Car leasing in Ohio is a bit different than in most other states
The way that the state of Ohio applies sales tax to car leases is based on the sum of lease payments. Most states only tax individual monthly payments (and down payment).
For example, in Ohio, if lease payments are $300 a month and the lease term is 36 months, the total of all payment is 36 times $300 = $10,800. If the Ohio tax rate in a particular county is 6.0%, the sales tax due on this lease would be $10,88 times .06 = $648. This amount is due at the time the lease is signed, in addition to first month’s payment and down payment (if any). Tax is due on the down payment as well.
All fees associated with a lease are taxed, including any lease-end fees such as a disposition fee or excess mileage fees. Furthermore, if a customer decides to purchase his leased vehicle at lease-end, the purchase is taxed. This is not a duplication of tax since, in a lease, the lease-end purchase price is the residual amount not already paid by the lease.

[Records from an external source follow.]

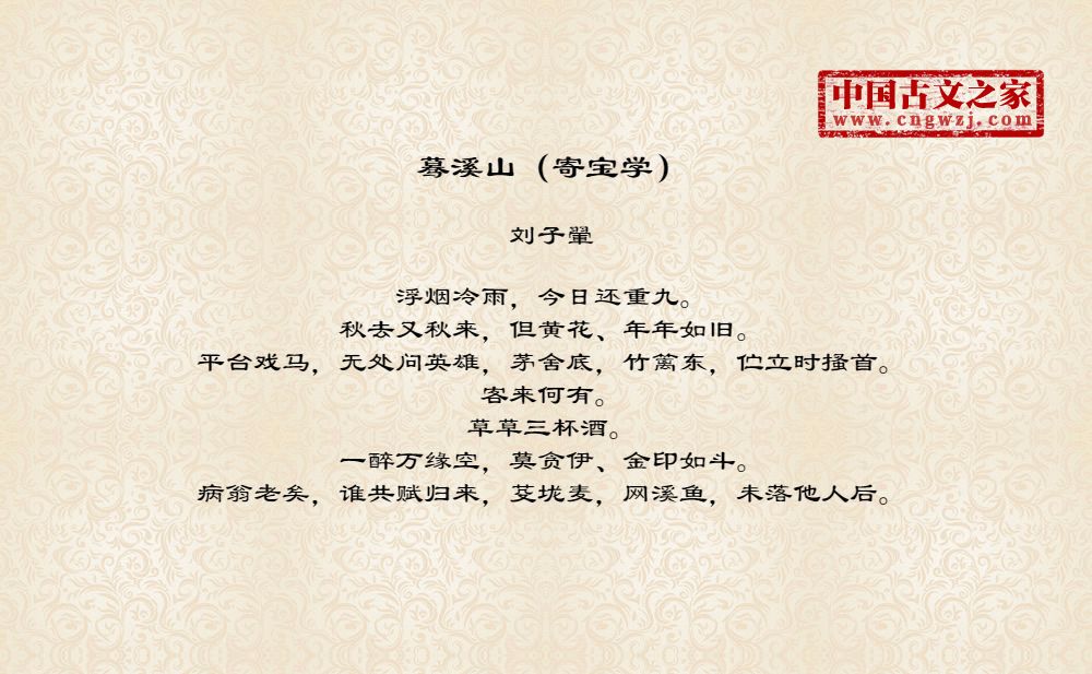 浮烟冷雨,今日还重九。秋去又秋来,但黄花、年年如旧。平台戏马,无处问英雄,茅舍底,竹篱东,伫立时搔首。客来何有。草草三杯酒。一醉万缘空,莫贪伊、金印如斗。病翁老矣,谁共赋归来,芟垅麦,网溪鱼,未落他人后。
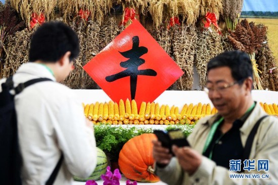 这是黑龙江省农科院绿色食品展区展出的玉米(9月26日摄)。 新华社记者 王凯 摄
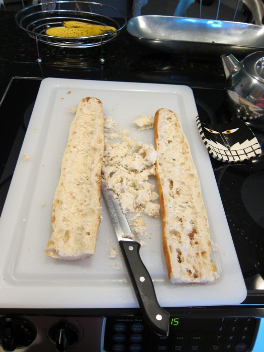 Cut the bread horizontally in two, and pull out most of the middle of the loaf.
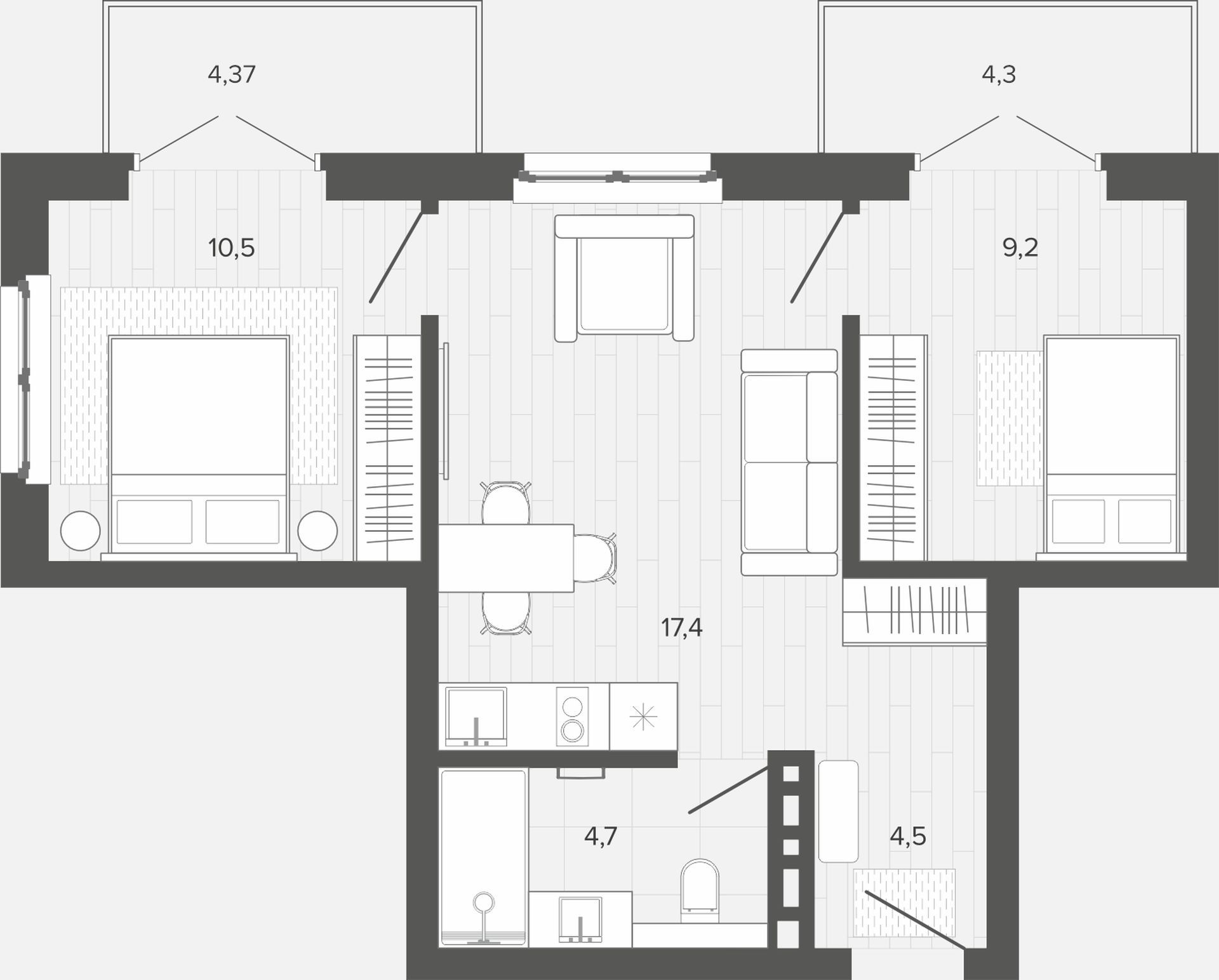 Вышка, 54.97 м2

If a customer trades a vehicle at the time of a lease, tax credit is given for the value of the trade, which reduces the tax amount owed on the new-car lease.
If a lease is ended early, there is no refund of sales tax paid at the beginning of a lease. Presumably, if a lessee decides to do an early buyout of his lease (payoff the lease and purchase the vehicle), he would have to pay sales tax on the purchase price. It’s a bit unfair since part of that tax has already been paid.
Sales tax laws on car leases such as those in Ohio, Texas, Illinois, and Georgia do not make the states particularly lease-friendly. Unfortunately, if you live in those states and will “garage” your leased vehicle there, there is no way to escape the tax — even if you lease from a dealer in another state.
Clearly, the only way to reduce the Ohio car lease tax is to make sure you make the best lease deal, with the lowest monthly payments.